Одри — интеллектуалка, любила поговорить о Феллини и читала толстые книги старых бородатых авторов про оскандалившихся президентов. При этом она гораздо увереннее, чем я, владела сленгом, а на ее джинсовой миниюбке красовались заплаты с картинками из хардкор-шоу. Она сама стригла себе волосы, наносила свою особенную подводку для глаз, могла есть печенье сколько влезет и весить те же 45 килограммов. Мы придумывали друг другу глупые и забавные прозвища: Сквидли-Ду, Лути, Бубер.
Через три недели мы впервые поцапались. Я считала, что ее мизантропия тормозит мое становление как личности.

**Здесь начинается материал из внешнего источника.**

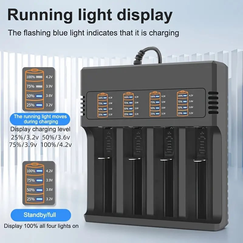 Incarcatorul Li-ion MS484AX este un dispozitiv versatil si eficient, conceput pentru a incarca acumulatorii Li-ion de tip 18650 intr-un mod rapid si sigur. Cu cele 4 sloturi disponibile, acest incarcator permite incarcarea a pana la 4 acumulatori simultan, facilitand astfel procesul de alimentare a dispozitivelor care necesita astfel de surse de energie.Designul sau compact si modern, din plastic negru, il face potrivit pentru utilizare atat acasa, cat si in deplasare. Statia de incarcare 18650 dispune de 4 porturi, ce pot fi utilizate pentru a reincarca acumulatorii Li-ion 18650, fie ca este vorba de modele precum 10440, 14500, 16340, 16650, 14650, 18350, 18500 sau 18650.Acest incarcator li-ion 3.7V este echipat cu multiple sisteme de protectie impotriva supraincarcarii, supracurentului, supratemperaturii, scurtcircuite, conectarii inversa sau supradescarcarii, asigurand astfel siguranta maxima in utilizare. De asemenea, incarcatorul dispune de functie de monitorizare a nivelului de incarcare, permitand utilizatorului sa aleaga intre diferite niveluri de incarcare: 25, 50, 75 sau 100.Cu o tensiune de alimentare de 220V si o curent de 4.2A, acest incarcator li-ion 18650 este ideal pentru utilizarea la retea, oferind avantajul unei incarcari rapide si eficiente a acumulatorilor. Indiferent daca esti acasa sau in calatorie, statia de incarcare 18650 poate fi partenerul tau de incredere pentru mentinerea dispozitivelor tale alimentate si gata de utilizare.In concluzie, incarcatorul Li-ion MS484AX este alegerea perfecta pentru cei care cauta un dispozitiv performant, sigur si usor de folosit pentru incarcarea acumulatorilor Li-ion 18650. Cu multiple functionalitati si sisteme de protectie integrate, acest incarcator te va ajuta sa iti mentii dispozitivele mereu incarcate si functionale, indiferent de situatie. Alege calitatea si eficienta cu incarcatorul li-ion MS484AX!Specificatii:Material: PlasticCuloare: NegruModel: MS484AXTip produs: IncarcatorProducator: MRGLungime: 135 mmLatime: 120 mmInaltime: 36 mmGreutate: 187 gSloturi reglabile: DaFormat baterie/acumulator: 10440,14500,16340,16650,14650,18350,18500,18650Sloturi incarcarcare: 4Tip baterie/acumulator: Lithium-IonLungime cablu (mm): 65 cmLed indicator: VerdeScop utilizare: Incarcare acumulatoriSisteme de protectie: Supraincarcare, supracurent, supratemperatura, scurt circuit, conectare inversa, supradescarcareUtilizat pentru: UniversalVoltaj: 4.2VTensiune alimentare: 220 VNumar bucati/set: 1Curent maxim de incarcare: 4 AAlimentare: La reteaAfisare Nivel Incarcare: 25,50,75,100Pachetul contine:- 1x Incarcator Li-ion MS484AX 3,7V 4 Sloturi 4A 220V- 1x Cutie/Ambalaj de prezentare
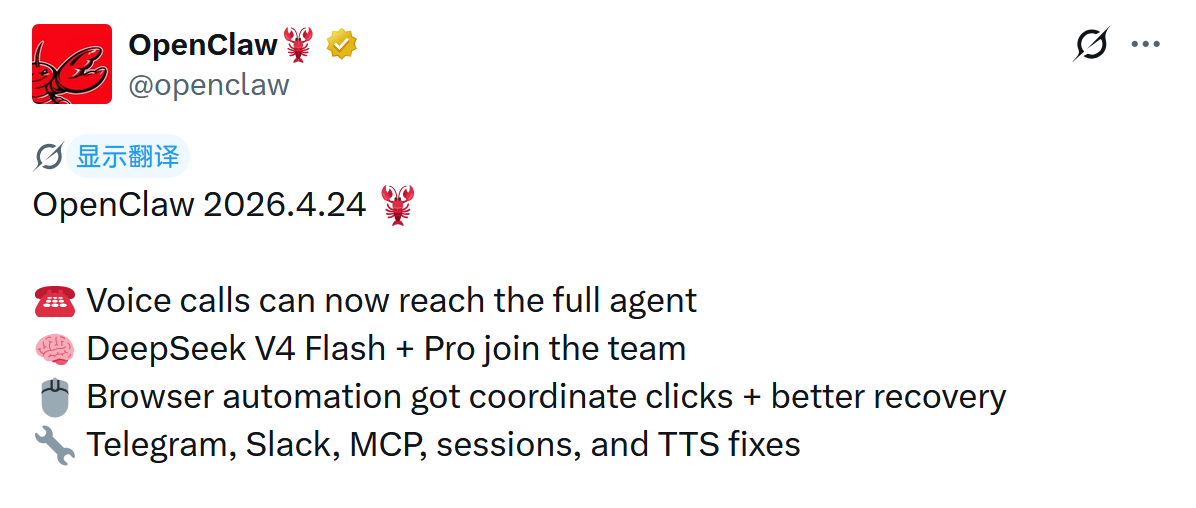 OpenClaw 官方宣布推出 2026.4.24 版本更新。
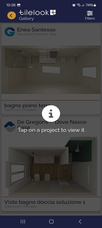 Com o aplicativo Tilelook você pode navegar e pesquisar todos os designs 3D foto-realistas (banheiros, cozinhas, salas de estar) feitos por profissionais Tilelook com pisos e produtos de revestimento reais e visualizá-los em 360 ° ou em Realidade Virtual no seu dispositivo.
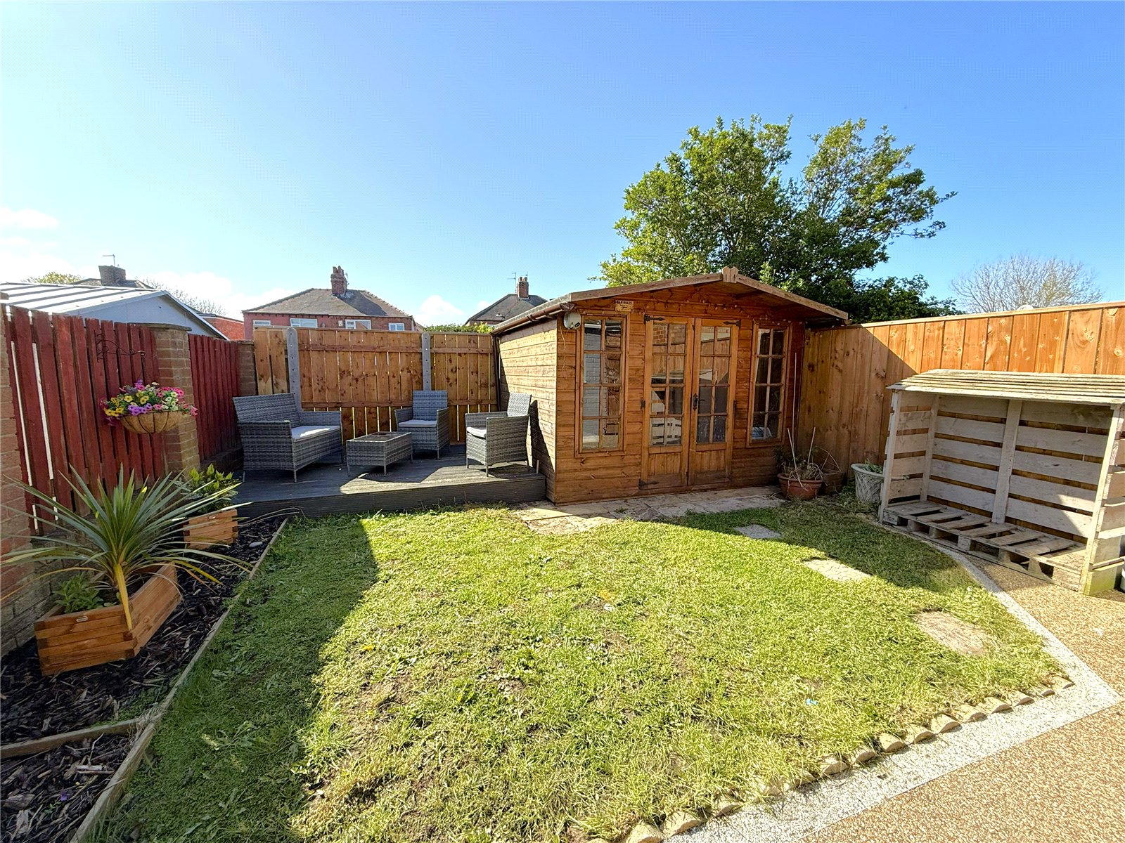 Externally, the rear garden is perfectly set up for lifestyle. Enjoying a west-facing aspect, it captures the best of the afternoon and evening sun, with a well-designed layout featuring lawn, a raised decked seating area and a substantial summer house — ideal for relaxing, entertaining or working from home.
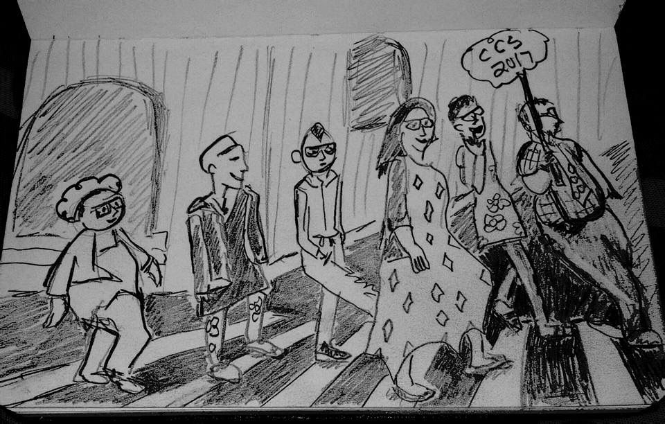 On the far left is LINIERS, our Fellow - he's a cartoonist from Argentina. His sweater has his own characters on it!!
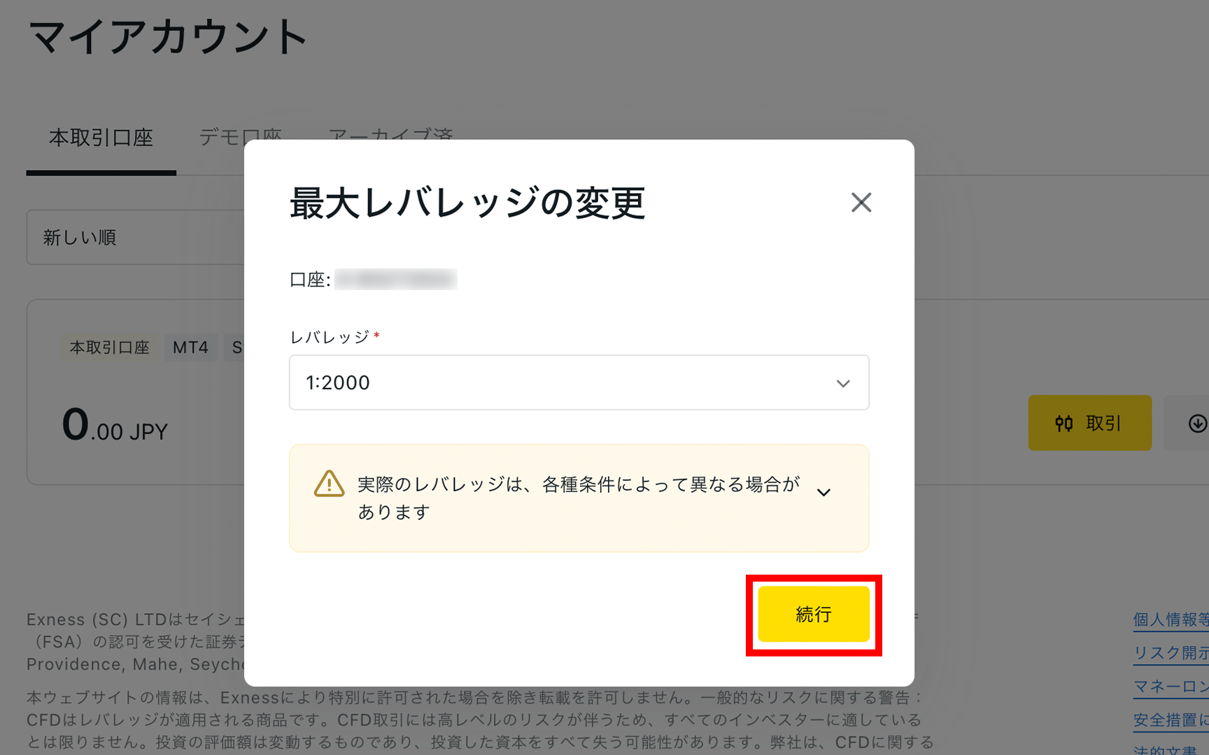 最大レバレッジを選択したら、最後の「続行」をクリックします。
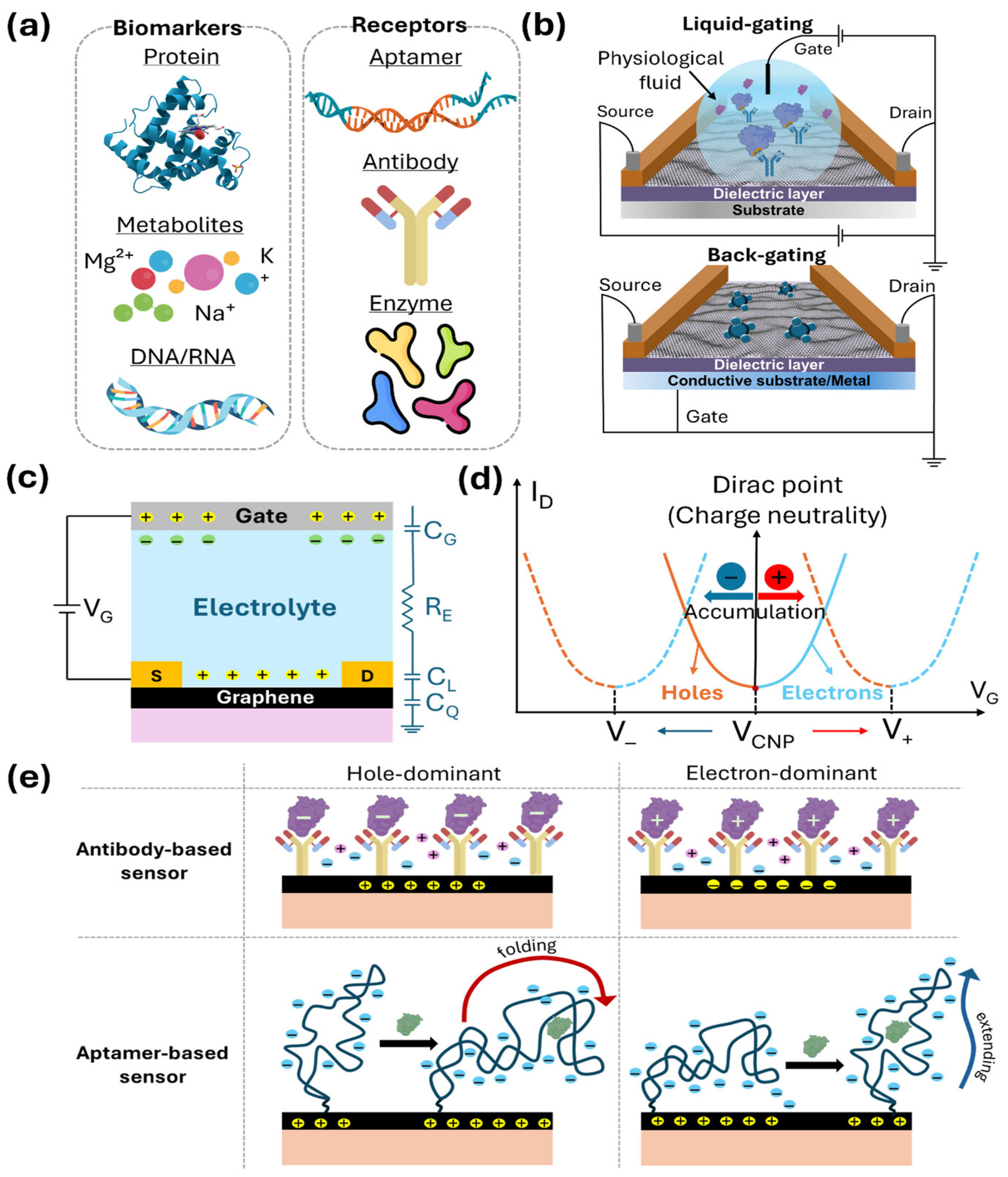 - Geiwitz, M.; Page, O.R.; Nichols, M.E.; Marello, T.; Hoar, C.; Akinwande, D.; Meyer, M.M.; Burch, K.S. Electrical readout strategies of GFET biosensors for real-world requirements. bioRxiv 2026. [Google Scholar] [CrossRef]
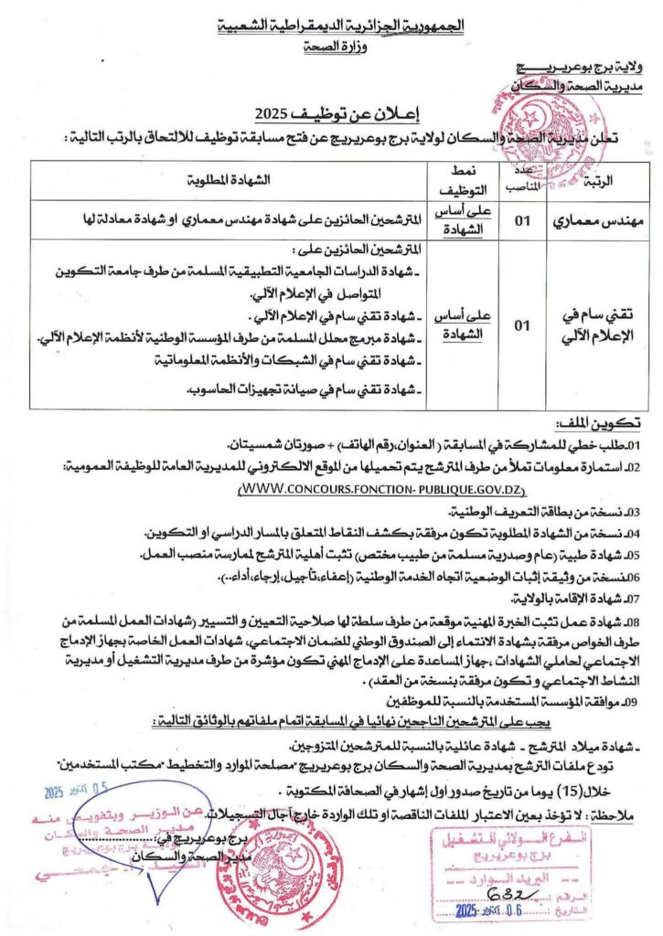 مسابقة توظيف بمديرية الصحة والسكان لولاية برج بوعريريج
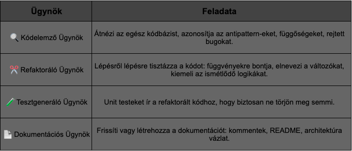 - Alap refaktorálás (AI ügynökök + tesztek): kb. $50–150
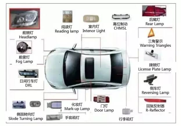 汽车照明主要包括汽车照明灯具(前照灯、雾灯、牌照灯、仪表灯、顶灯、工作灯等)和汽车信号灯具(转向灯、报警灯、示宽灯、尾灯、制动灯、倒车灯等)。
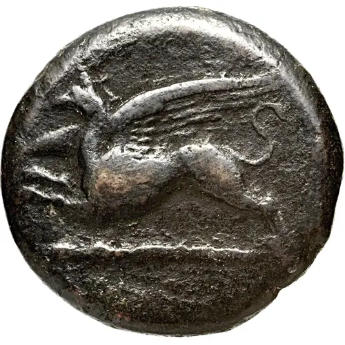 | Descrizione del dritto | Griffin leaping to the left, over a line of exergue. |
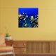 Eine wunderschöne Unterwasserlandschaft mit hübschen Fischen, die auf diesem phantastischen Poster entlang des Korallenriffs schwimmen.
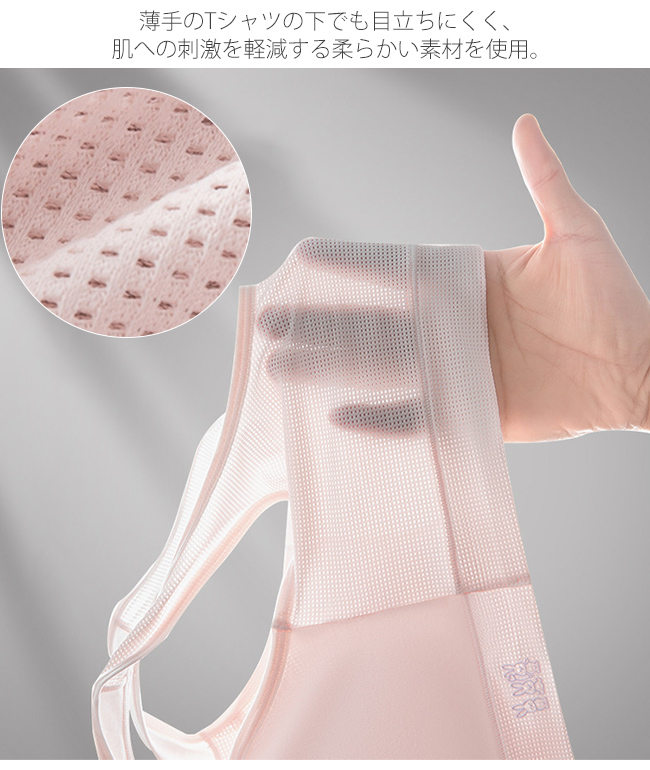 薄手のTシャツの下でも目立ちにくく、肌への刺激を軽減する柔らかい素材を使用。
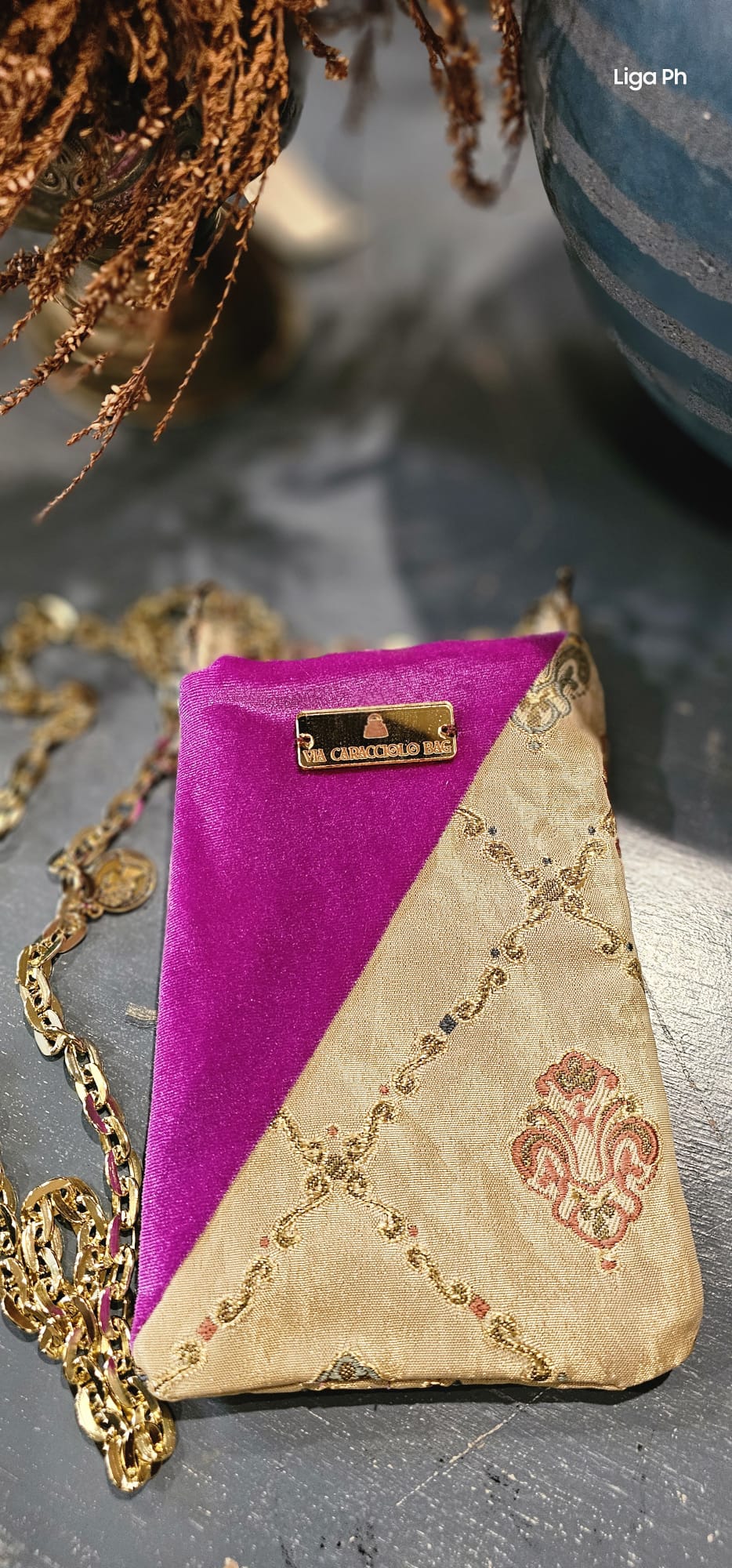 Portacellulare velluto color ciclamino e damascato dorato

— Я приехала сюда, чтобы вырасти, а ты мне мешаешь, — сказала я Одри.
Она с рыданиями бросилась в дебри нашего дендрария, упала там и ободрала коленку. Я хотела помочь, но Одри закричала:
— Зачем я тебе нужна?!
Я позвонила маме, которая как раз сидела на снотворных и потому весело посоветовала «взять и купить билет домой». С ужасом я подумала, что Одри наверняка тоже звонит маме и Робин страшно зла на меня.
Через несколько дней мы помирились. Сидя за бранчем с однокурсниками, я вдруг поняла, что всех ненавижу. Даже свою новую подругу Элисон, которая организовала радиостанцию, и Беки, которая пекла веганские маффины и сшила одеяло из футболок с принтом группы Clash. Студенческие дискуссии сводили меня с ума: показная политкорректность в отсутствие реальных политических взглядов. Одри была права, никого лучше друг друга мы с ней не найдем.
Порой, когда мы с Одри вместе ели хлопья или сушили волосы после душа, передо мной мелькал образ ее матери. Моя подруга Робин, нагая и юная, стояла рядом.
Маргарет была в отпуске, и тут произошла катастрофа. Мы с мамой разругались, страшнее, чем когда бы то ни было. Как раз такие ссоры испытывают на прочность концепцию безусловной любви, не говоря уже об элементарных приличиях. И главное, мы были неправы обе. Мы обе дали волю эмоциям и не смогли удержаться от жестоких оскорблений.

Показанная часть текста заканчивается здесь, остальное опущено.